Unfortunately, even though Putin has shown good sense in appointing liberal economic advisers – and one hopes he gives greater powers to intelligent people like Economy Minister German Gref – the president has shown little inclination toward fostering democratic institutions in this country.

Instead, Putin seems, like his predecessors, to be looking for administrative solutions to Russia's overarching problem. He thinks that by imposing rules from above, the existing system can be made to function for the better of the country. To him, with better rule, a vertical system of power, respect for law and good economic policies, Russia can become the darling of foreign investors.

But that is not the way for the country to move forward.

Instead, the president needs to begin strengthening local democratic institutions. Grassroots democracy needs to take hold in the country – it is the only hope. There is no better guarantee that the law of the land will be upheld than if every individual citizen has a stake in ensuring that this is the case.

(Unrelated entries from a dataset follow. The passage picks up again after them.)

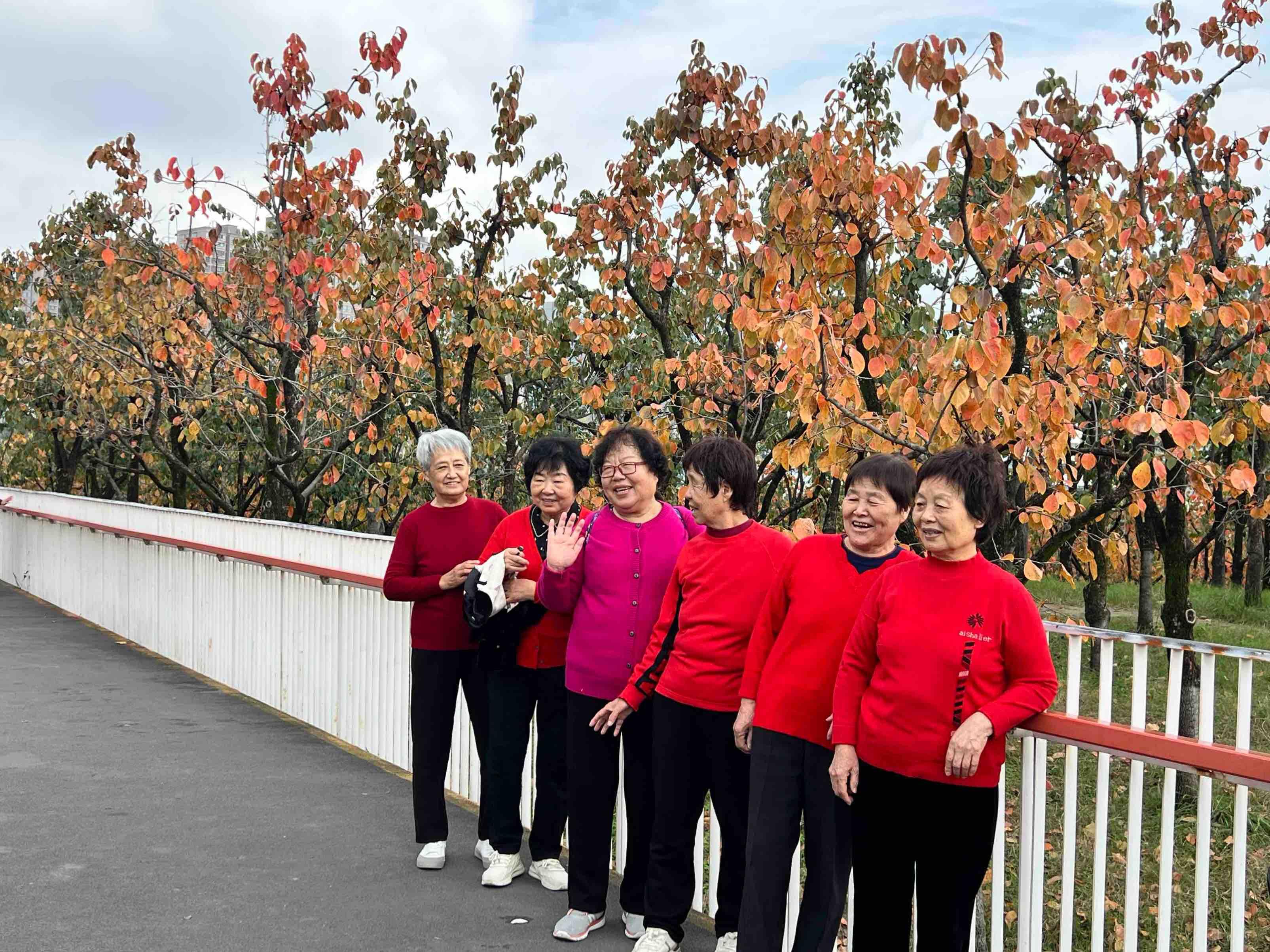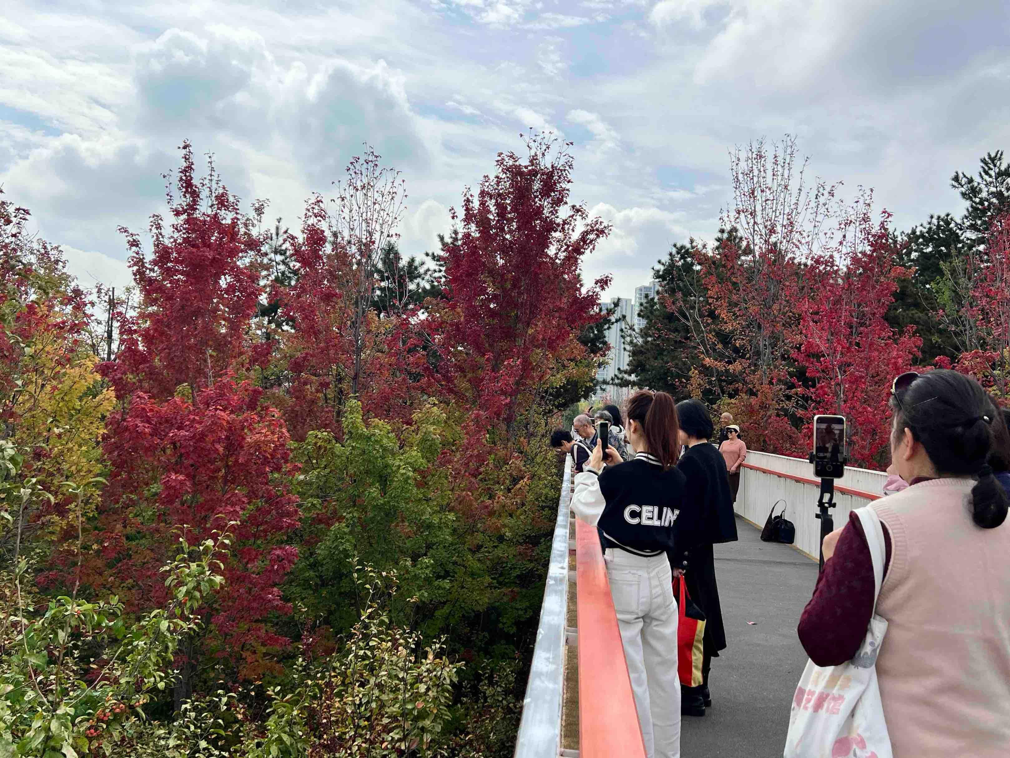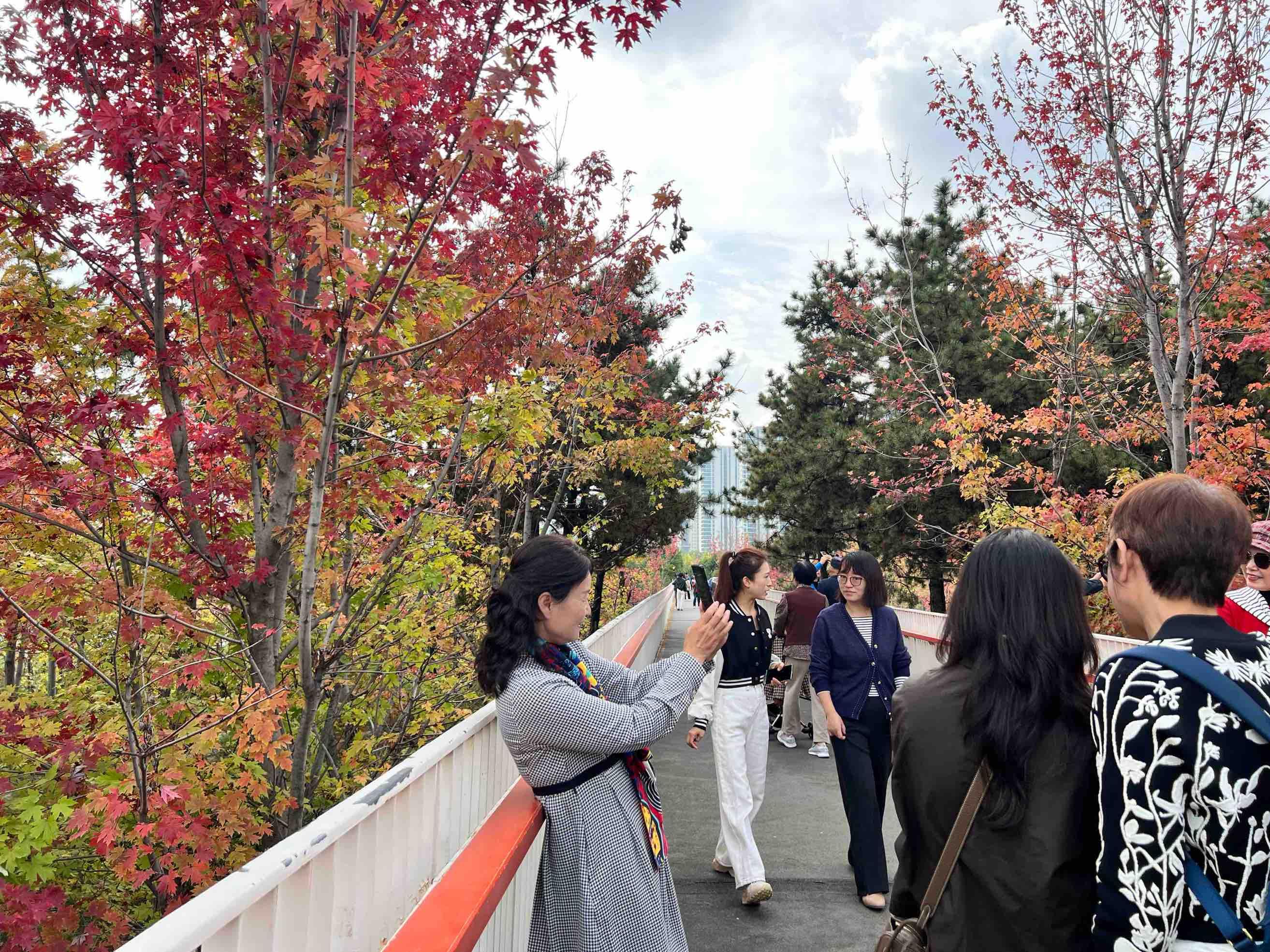 午后,公园入口人流从各处汇入。红枫林下,最先响起的是快门声。“快帮我拍张照,这枫叶太美了!”一位阿姨在姐妹团的手机镜头前笑声朗朗。姐妹团你一摆手、我一转身,丝巾在秋风里飞舞,像一道亮丽的风景线。旁边,市民张女士一边给家人拍照,一边感慨:“再不出来晒晒,人都要‘发霉’了!”游客们或摆姿势拍照,或在落叶中打滚,整个枫林充满笑声和活力。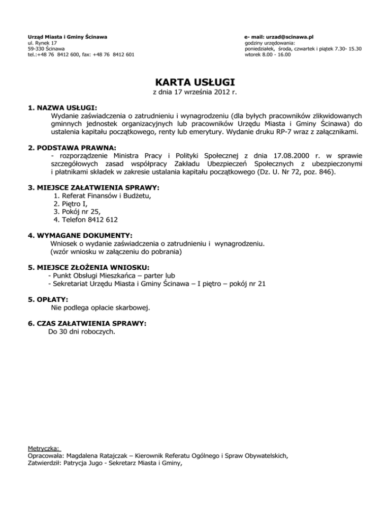 Urząd Miasta i Gminy Ścinawa ul. Rynek 17 59-330 Ścinawa tel.:+48 76 8412 600, fax: +48 76 8412 601 e- mail: [email protected] godziny urzędowania: poniedziałek, środa, czwartek i piątek 7.30- 15.30 wtorek 8.00 - 16.00 KARTA USŁUGI z dnia 17 września 2012 r. 1. NAZWA USŁUGI: Wydanie zaświadczenia o zatrudnieniu i wynagrodzeniu (dla byłych pracowników zlikwidowanych gminnych jednostek organizacyjnych lub pracowników Urzędu Miasta i Gminy Ścinawa) do ustalenia kapitału początkowego, renty lub emerytury. Wydanie druku RP-7 wraz z załącznikami. 2. PODSTAWA PRAWNA: - rozporządzenie Ministra Pracy i Polityki Społecznej z dnia 17.08.2000 r. w sprawie szczegółowych zasad współpracy Zakładu Ubezpieczeń Społecznych z ubezpieczonymi i płatnikami składek w zakresie ustalania kapitału początkowego (Dz. U. Nr 72, poz. 846). 3. MIEJSCE ZAŁATWIENIA SPRAWY: 1. Referat Finansów i Budżetu, 2. Piętro I, 3. Pokój nr 25, 4. Telefon 8412 612 4. WYMAGANE DOKUMENTY: Wniosek o wydanie zaświadczenia o zatrudnieniu i wynagrodzeniu. (wzór wniosku w załączeniu do pobrania) 5. MIEJSCE ZŁOŻENIA WNIOSKU: - Punkt Obsługi Mieszkańca – parter lub - Sekretariat Urzędu Miasta i Gminy Ścinawa – I piętro – pokój nr 21 5. OPŁATY: Nie podlega opłacie skarbowej. 6. CZAS ZAŁATWIENIA SPRAWY: Do 30 dni roboczych. Metryczka: Opracowała: Magdalena Ratajczak – Kierownik Referatu Ogólnego i Spraw Obywatelskich, Zatwierdził: Patrycja Jugo - Sekretarz Miasta i Gminy, Dane Wnioskodawcy: Nazwisko i Imię:……………………………………………………………………………………………….................………………………… Adres:…………………………………………………………………………………………………………….................…………………………. Nr PESEL:……………………………………………………………………………………………………………………..................……………. Nr telefonu:………………………………………………………………………………………………………………...…………..................... Burmistrz Ścinawy WNIOSEK O WYDANIE ZAŚWIADCZENIA O ZATRUDNIENIU I WYNAGRODZENIU Proszę o wydanie: 1) zaświadczenia o zatrudnieniu i zarobkach – ZUS Rp-7 2) inne……………………………………………………………. Dodatkowe dane Wnioskodawcy: Nazwisko panieńskie:........................................................................................................................ Data i miejsce urodzenia:.................................................................................................................. Imię ojca i matki:............................................................................................................................. Nazwa zakładu pracy, w którym była zatrudniona osoba dla której zostanie wydane niniejsze zaświadczenie:................................................................................................................................. Okres zatrudnienia w w/w zakładzie pracy: od _ _ - _ _ - _ _ _ _ r. do _ _ - _ _ - _ _ _ _ r. Adres do korespondencji*................................................................................................................. ..................................................... miejscowość, data Uwagi: * wypełnić jeśli adres jest inny niż podany wcześniej ........................................................ podpis Wnioskodawcy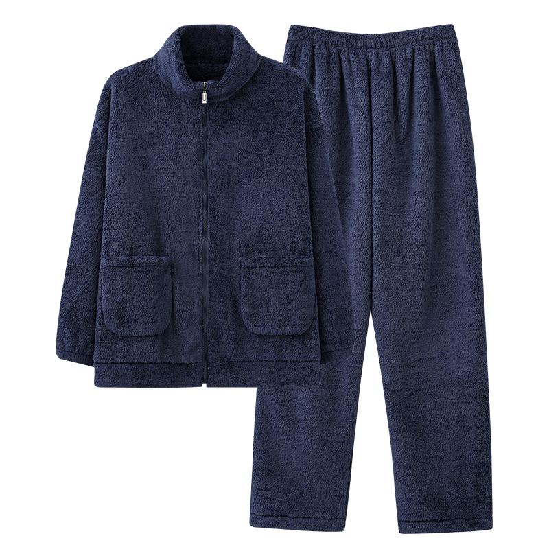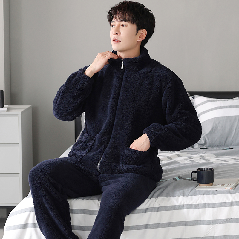 男士睡衣秋冬季珊瑚绒加厚加绒拉链青少年法兰绒套装可外穿家居服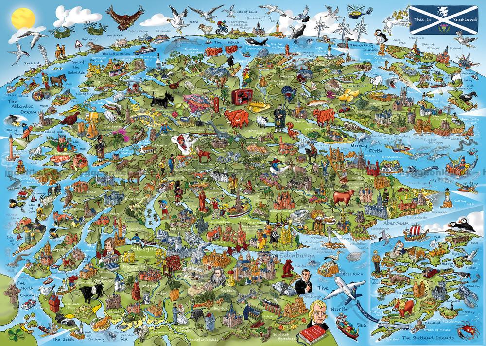 - Farverigt tegnet kort over Skotland. Her møder du både Højlandskvæg og Loch Ness uhyret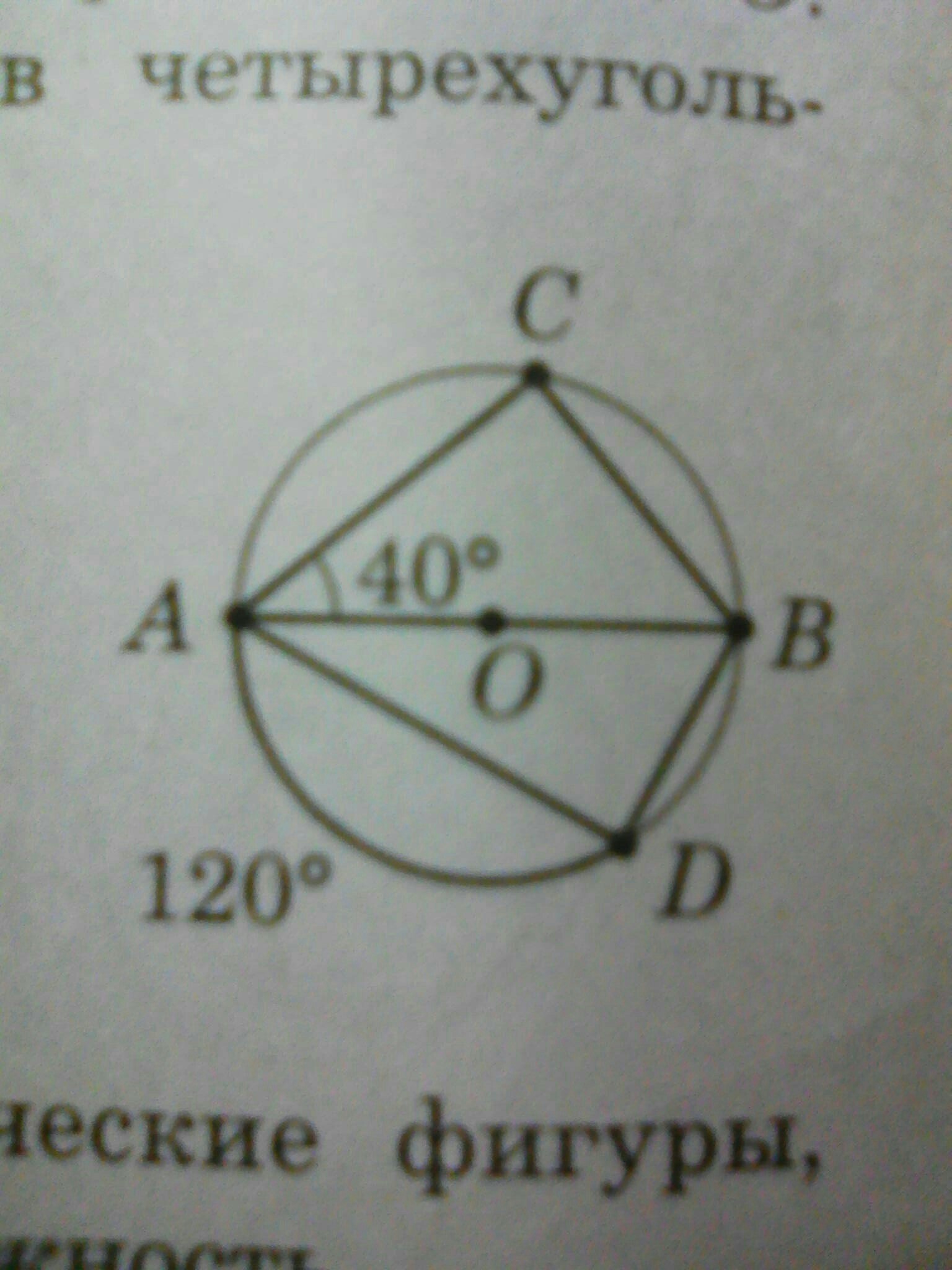 АВ - диаметр окружности с центром в точке О. Найдите градусные меры углов четырёхугольника АСВD

Today, this is a long way from reality. The signals that have been going out to the security agencies are the exact opposite. These agencies are enforcing the current contradictory and chaotic laws at a local level with the zeal of commissars. They are, just as effectively as the federal government, using laws selectively to target and destroy political opponents.

At best, continuing down this path will lead Russia to a Chinese version of democracy and the free market. At worst, lacking a binding ideology and party discipline, it will be a recipe for arbitrary rule and, in turn, chaos.

Indeed, what Putin has achieved to date is the easy part of the job – macroeconomic reform is not hard to implement, particularly with a servile Duma lower house and a toothless Federation Council.

If he is to really make a breakthrough, all the president's energy needs to be directed toward grassroots reform and the implementation of policy. The latter will prove virtually impossible without a complete overhaul of Russia's bureaucratic structure. The government cannot simply dismiss a few thousand bureaucrats, though that would be a good start. It needs to go for root and branch reform.

The president also needs to make clear that the overriding principle today is respect for the institutions of democracy. That means ensuring a free and independent press, an independent electoral commission and an independent judiciary.

If Putin follows this course, he will create a self-sustaining administrative system for Russia that will demand – and ensure – better of its leaders.

At the moment, the media is obsessed with the fate of the mighty few – men who are irrelevant in the bigger scheme of things. The details that shade-in the bigger picture are far more important. Attention needs to be devoted to every region, okrug, city, town and village.

That is the critical issue that Putin must address. If he fails to tackle this priority task, then all the work he has done so far – and might do in the future – will amount to nothing.